J. Schimkat studied gold-nickel alloy (Au-(5 at %)Ni) macro-switch contacts in a low-force test configuration but did not fabricate or test actual MEMS devices [3]. Currently, there are no other known works appearing in the open published literature describing how to select and incorporate metal alloys as micro-switch electric contact materials. The present invention provides a method for selecting metal alloy electric contact materials for micro-switches that are optimized for increased wear, low contact resistance and low susceptibility to oxidation, to contaminant gettering and to the formation of sulfide layers. The present invention is thus believed to provide a desirable contribution toward resolution of the MEMS radio frequency switch contact metal difficulty.
The present invention provides a technique for selecting alloy metals for successful use in a radio frequency microelectromechanical switch contact elements.
It is therefore an object of the present invention to provide an easy and quickly implemented gold inclusive microelectromechanical alloy selection arrangement.
It is another object of the invention to provide a MEMS contact arrangement affording desirable mechanical wear resistance.
It is another object of the invention to provide an exemplary gold alloy found to be useful in MEMS switch fabrication.
It is another object of the invention to disclose phase diagram characteristics of gold alloys usable in MEMS switch embodiments.
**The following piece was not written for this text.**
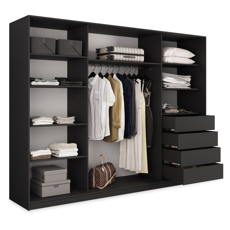Wysokiej jakości system drzwi przesuwnych z aluminium zapewnia płynne i ciche użytkowanie, a duże lustro optycznie powiększa pomieszczenie i wprowadza więcej światła. Wnętrze szafy zostało zaprojektowane z myślą o praktycznym przechowywaniu – znajdziesz tu 4 pojemne szuflady, drążek na wieszaki i półki na odzież, buty lub dodatki.

It is another object of the invention to provide a measure of MEMS switch characteristics for switches fabricated with the exemplary gold alloy.
It is another object of the invention to disclose MEMS switch life cycle data for switches fabricated with the exemplary gold alloy.
It is another object of the invention to provide microelectromechanical switch contacts affording desirable low susceptibility to oxidation contaminant gettering and sulfide layer formation.
These and other objects of the invention will become apparent as the description of the representative embodiments proceeds.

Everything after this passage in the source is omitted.